How a Warner Bros. and Paramount merger could impact your streaming budget
Potential Warner Bros. Discovery and Paramount merger signals industry shifts. With Warner's Max and Paramount's+ at play, streaming faces consolidation amid financial challenges. Consumers may see fewer choices and higher prices, but competitive ...

Warner currently leads with the Max streaming service, boasting an impressive 95 million subscribers. On the other side, Paramount holds its ground with the Paramount+ streaming service, commanding 63 million subscribers. However, both are overshadowed by streaming giants like Netflix, with 247 million subscribers, and Disney+, with 105 million.

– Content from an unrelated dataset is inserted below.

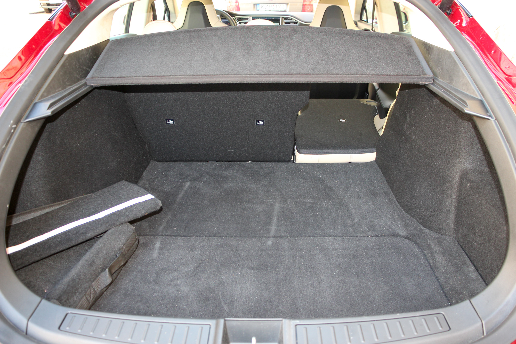 Gyerekülés? Tehetik fel sokan a kérdést, amikor ez egy 421 lóerős, 600 Nm nyomatékú, 100 km/órára 4,4 másodperc alatt gyorsító, sportosnak is nevezhető autó. Ráadásul benzinfogyasztás nélkül, ugyanis a hátsó kerekeket a közéjük szerelt villanymotor hajtja emissziómentesen és gyakorlatilag némán, hiszen a Tesla csakis villanyautókat gyárt. A Model S nem csak a világ első teljesen elektromos luxusautója, hanem az első olyan limuzin, amit eredendően villanyautónak terveztek. Alumínium karosszériájában így nincs gépház, elöl és hátul is csomagtér van az utascella körül. Az első csomagtér 150, a hátsó 745 literes. Tegyük gyorsan hozzá, hogy tetőig, azaz a lejtős hátsó ablakig pakolva, az Egyesült Államokban (ahonnan a Tesla származik) a kalaptartó, azaz a csomagtértakaró ismeretlen fogalom, senkit sem zavar, ha belátnak oda. Európa kedvéért ma már opcióként kérhető a hajtogatható kalaptartó, ára nem szerény: 200 euró.
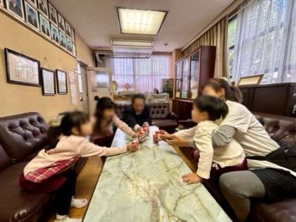 誕生会当日…まずはお誕生日の友達とりんごジュースでかんぱーい!!

The backdrop of this potential merger is the ongoing shift from cable TV to streaming platforms, impacting the financial health of both Warner and Paramount. The streaming industry, already grappling with fierce competition, now faces economic challenges amid sluggish subscription growth.
Industry Insight
Media and entertainment technology analyst Paul Erickson highlights the significance of this potential mega-merger as an industry bellwether. The consideration of such a move indicates the growing need for collaborations, mergers, and acquisitions to navigate the current market pressures.
Faced with substantial financial losses, streaming services are adopting stringent cost-cutting measures. These include reduced spending on new content, crackdowns on password sharing, and an increased reliance on advertisements.

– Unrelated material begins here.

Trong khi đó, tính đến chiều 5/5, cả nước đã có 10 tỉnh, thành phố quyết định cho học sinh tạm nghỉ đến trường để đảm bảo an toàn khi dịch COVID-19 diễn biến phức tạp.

In the event of a successful merger, Paramount+ is anticipated to integrate into Max, marking a significant shift in the streaming landscape. Elizabeth Parks, President of Parks Associates, predicts a wave of consolidation in 2024 as a strategic move for subscriber and revenue growth.
Parks Associates research reveals that the average consumer subscribes to 5.6 services, with a high annual churn rate of 47% for streaming services. Eric Sorensen, Director of Streaming Video Research Product at Parks Associates, attributes this to consumer overwhelm with choices, indicating an inevitable industry consolidation.
Despite the absence of formal talks between the companies, Pivotal Research analyst Jeff Wlodarczak remains skeptical about the merger's likelihood. He suggests a potential tie-up with Comcast's NBCUniversal. However, he underscores the inevitability of consolidation, given the substantial losses faced by streaming services other than Netflix.
Consumer Impact
As the streaming industry navigates these potential shifts, consumers are left to wonder how these changes will shape the future of their streaming experiences.